Please remember the opinions expressed on Patient Power are not necessarily the views of our sponsors, contributors, partners or Patient Power. Our discussions are not a substitute for seeking medical advice or care from your own doctor. That’s how you’ll get care that’s most appropriate for you.

Andrew Schorr:

Hello and welcome to Patient Power. I'm Andrew Schorr in Carlsbad, California, north of San Diego, living with myelofibrosis. Joining me now from outside Dayton, Ohio is Chris Frost. Chris, welcome to our program.

Chris Frost:

Thank you.

Andrew Schorr:

And you living with myelofibrosis as well, right?

Chris Frost:

Yes, sir. About five years now, as far as we know.

Andrew Schorr:

Five years. And also joining us is Chris's oncology, hematology, subspecialist, an expert in MPNs, as well as some other hematologic conditions. And that's Dr. Edward Faber from OHC in Cincinnati. Dr. Faber, welcome to the program.

Dr. Faber:

Well, thank you very much. And it's a privilege to be here, Andrew.

Andrew Schorr:

Okay. So what this program is about is how people like me or Chris with a more rare condition can get the expertise of a specialist brought to bear for us so we get the right care. And as we record this, Chris, with Dr. Faber and the team at OHC, actually, you're going to end up having a STEM cell transplant, right?

Chris Frost:

That's correct.

Andrew Schorr:

Okay. So let's go back and find out how you have navigated all this. So first of all, you're a military veteran, right? I think former military police, correct?

Chris Frost:

Correct.

Andrew Schorr:

You were in Desert Storm.

Chris Frost:

Correct.

Andrew Schorr:

You developed weird symptoms, right? What were the symptoms you developed?

Chris Frost:

It was pretty weird. Early, early in '92, late '91, right, leaving Desert Storm, I came back to the VA system in Dayton, Ohio. And they immediately threw a barrage of medications and diagnoses in front of me, which is how they kind of handle their business over there. Let's throw it all at it and whatever sticks is good. So dicyclomine, Bentyl, all these things for IBS, for some mood issues, and also for some breathing issues. So the inhaler's gone, the IBS, is for the most part gone and all those drugs that the VA wanted to keep me on are also gone. Because I've been in that system for almost 30 years now, I've seen some negative results sustained in the program. Their transplant program down in Nashville, the Veterans Administration program is rated fairly well. However, my wife and I decided that it was important enough for us to find somebody that was an expert.
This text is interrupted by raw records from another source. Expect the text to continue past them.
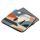 Paysage abstrait d'une scène désertique aux lignes et aux formes dans les tons marron, orange, turquoise, beige, bronzé et noir.
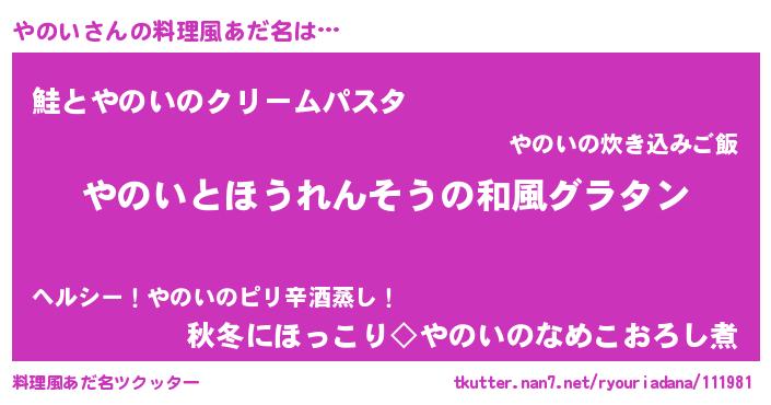 | 男性向けラノベタイトル風あだ名 | 『やのい~年齢イコール彼女いない歴の魔法使い~』 |
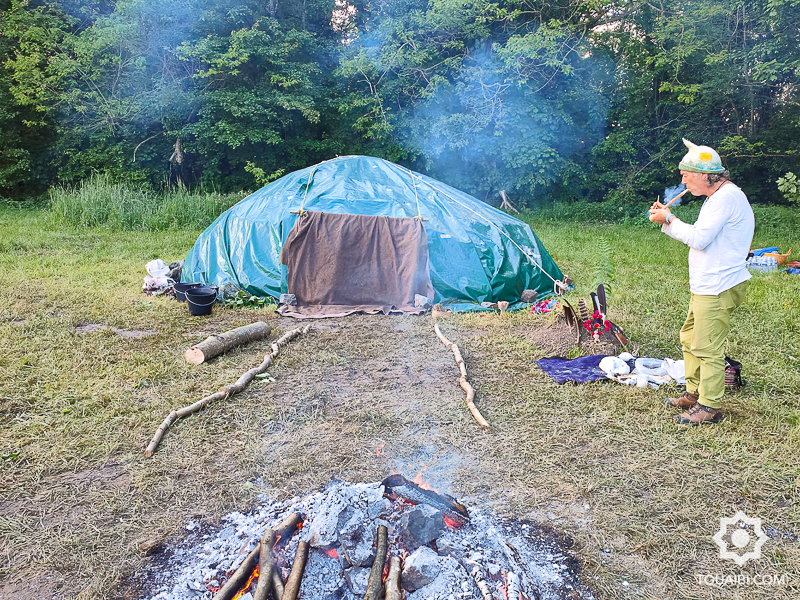 Marc Leblet, initiated into Celtic shamanism and wood craftsman. In front of the sweat lodge, he smokes one of his pipes. The smoke — from his creation and from the sacred fire — rises and aligns.
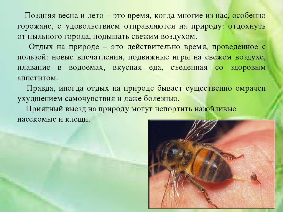 При укусе пчелы НЕ ВЫДАВЛИВАЙТЕ жало.
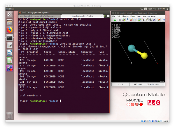 The first version of the Quantum Mobile Virtual Machine, supported by the NCCR MARVEL and the MaX H2020 Centre of Excellence.
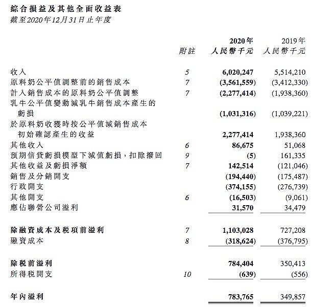 现代牧业在公告中披露的原料奶行情显示,原料奶2020年平均销售单价为4.13元╱公斤(2019年为4.04元╱公斤),同比增长2.2%。每头成乳牛年产量11.1吨(2019年为10.6吨),同比增长4.7%。2020年,得益于原料奶平均售价上涨及奶产量提升,毛利率(于原料奶公平值调整前)同比增长至40.8%(2019年为38.1%)。
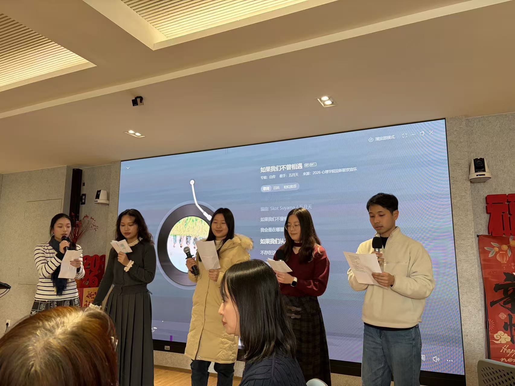 赵明明、黄慧凌、石可、姜梓希、蔡冰灵带来的师生合唱《如果我们不曾相遇》旋律温柔、情感真挚,为联欢会增添了浓浓的温情与感动。
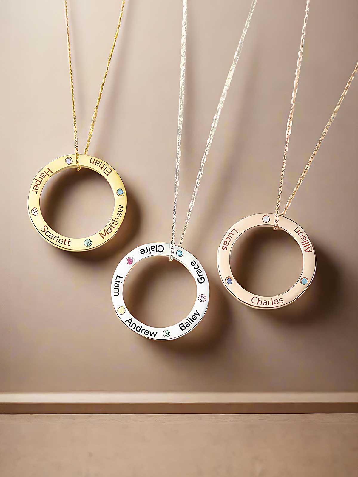 Single Ring Necklace with Kids' Names & Birthstones – Meaningful Mom Gift
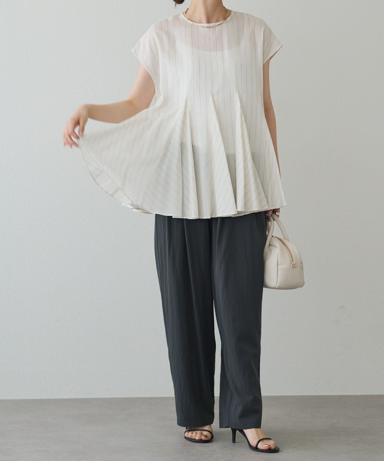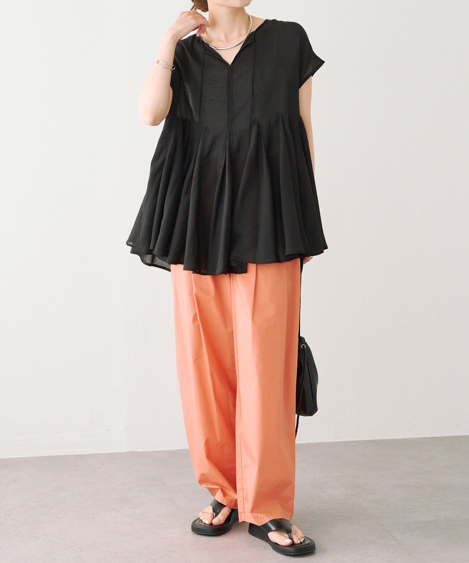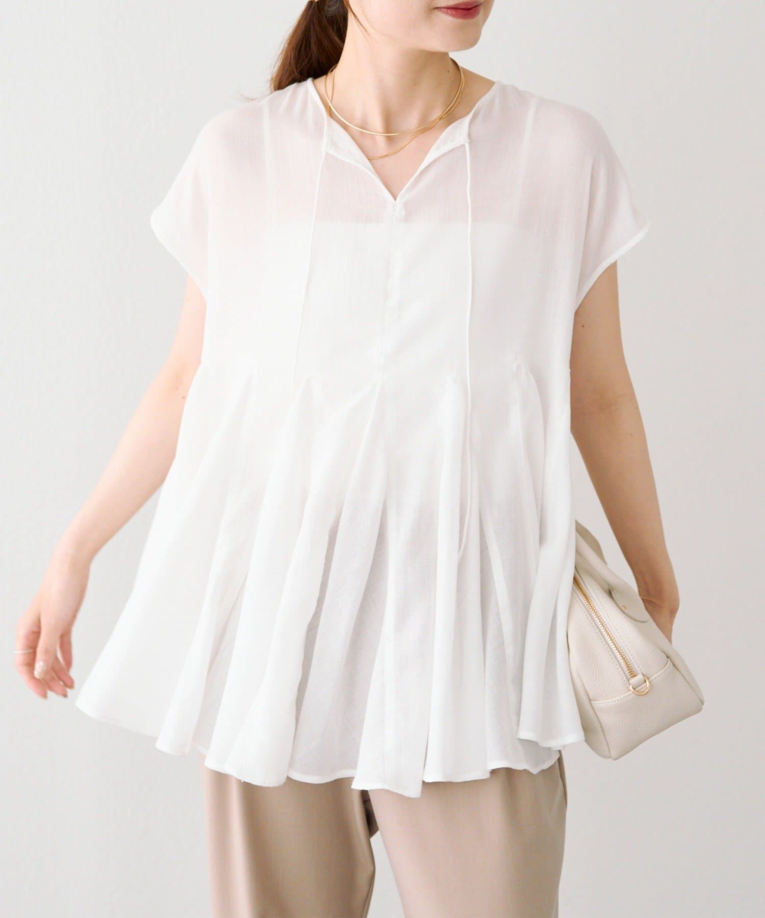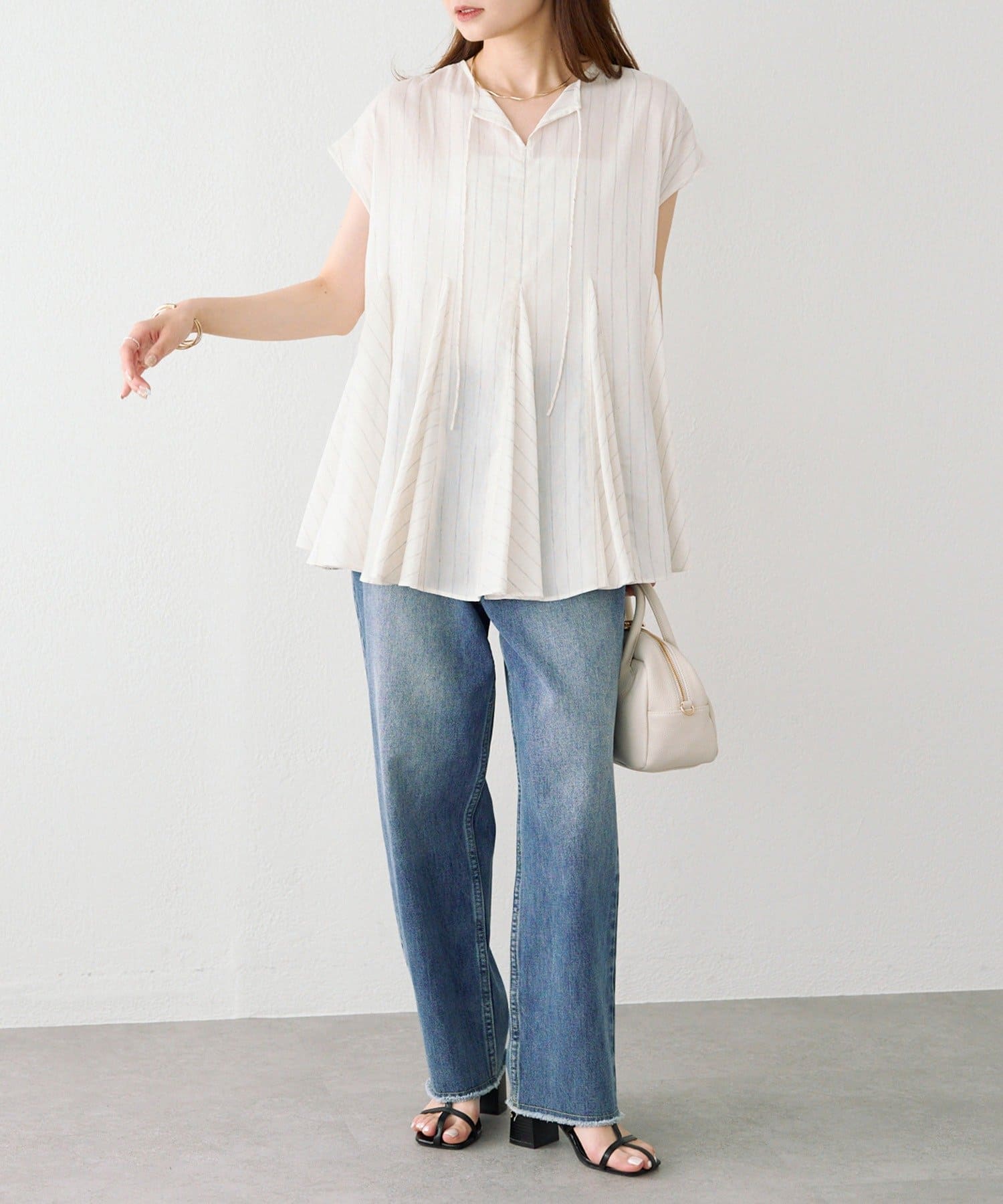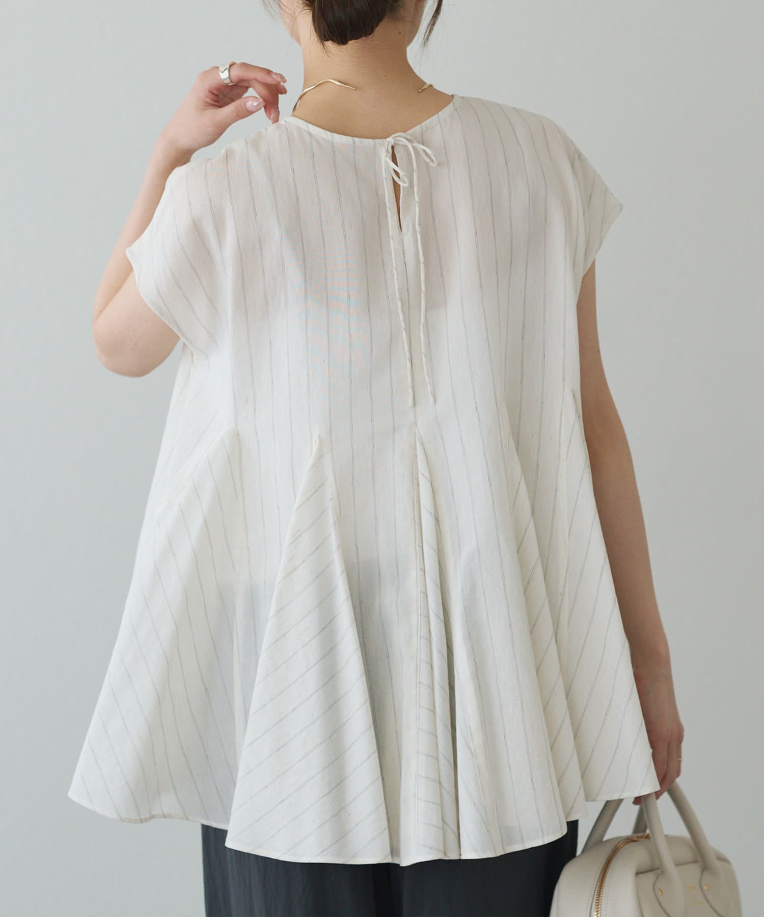 肩や二の腕をカバーしてくれるゆとりあるフレンチスリーブで、盛夏にも涼やかに着用いただけます。
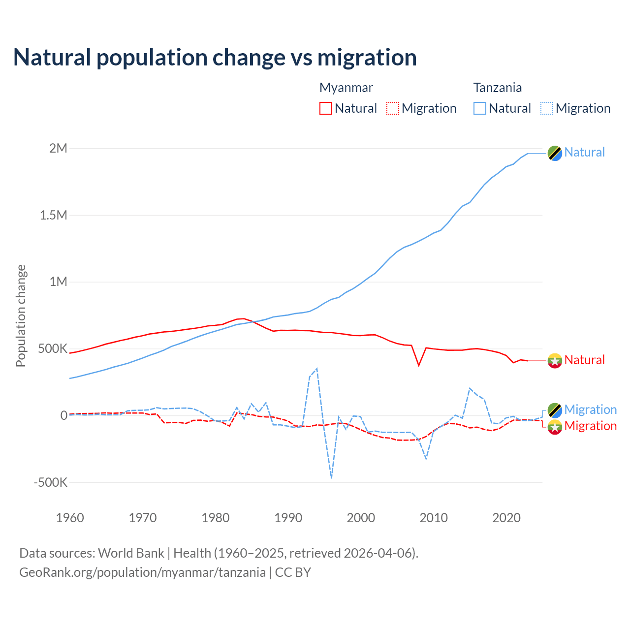 Over the last 10 years, 86% of the population change in Myanmar is from natural causes (a gain of 4,594,615 people) and 14% is from migration (a loss of 749,272 people). In Tanzania 98.7% is from natural causes (a gain of 17,769,541 people) and 1.27% is from migration (a gain of 229,466 people).

Somebody that I felt and she felt to give us some continuity and care, if that makes any sense.

Andrew Schorr:

Right. Right. So you wanted to go the extra mile? You're what I call a powerful patient with your wife. So you would get what's right for you. Now you started working with what's become a community oncologist, right?

Chris Frost:

I started working through the VA program with a fellow doctor. Dr. Kelly Miller was in the fellows program there at the Dayton VA when she was at the point where she was ready to be completed with her program and moved down the road. And I followed her out of the VA system.

Andrew Schorr:

Okay. So she became your community oncologist.

Chris Frost:

Correct.

Andrew Schorr:

But then you and your wife went further, you made calls to the Cleveland Clinic and other places. And that eventually led you to Dr. Faber, correct?

Chris Frost:

Well, if I'm being candid, sorry, Dr. Faber, you probably don't know this. But along the way, I've built a couple of wineries and winery clients are their own unique people. And one of them is the ex-head legal counselor for Ford Motor Company in Detroit, Walter Borda. Walter Borda sits on the board for Henry Ford Hospital and his wife actually died of a bone marrow transplant about 13 years ago, she had some other medical condition that I won't carry on with. But because he sits on that board, he contacted the specialist, hematology and oncology at Henry Ford, who did a little background check on our Dr. Faber here and said for the region that I am in, as long as I have "good insurance," Dr. Faber is the way to go. So I felt good with Jewish hospital with his track record and with my friend checking on him through Henry Ford Hospital in Detroit.

Andrew Schorr:

Okay. So your reputation precedes you Dr. Faber. So let's talk about this. So here you have a motivated patient who wants to get the best care and understands they have a more rare condition, certainly with myelofibrosis. So what's your view? You have consultations with patients who've come to you through other sources, whether the patient themselves or recommendation from community oncologists all the time. And it's pretty understandable in myelofibrosis that that might be a wise thing to do, right? Because it's a rare condition.

Dr. Faber:

Yeah, absolutely. When you look at myelofibrosis across all the spectrum, it's very heterogenous. And not only because of age, but all the different subtypes that we're learning, based on the molecular marker. So not every patient is truly the same. And you don't know that when you first meet them, to be honest with you. And that's, I enjoy Chris's story because I mean, first of all, when you're finished fellowship, you're moving on and you never hardly see your patients ever again. But Chris and Dr. Miller have been able to keep that relationship. And our practice and what we provide to the Dayton area is a satellite clinic. And it's a true collaboration, between all the community practices. So it's a way to translate what we learn to as many people as we can.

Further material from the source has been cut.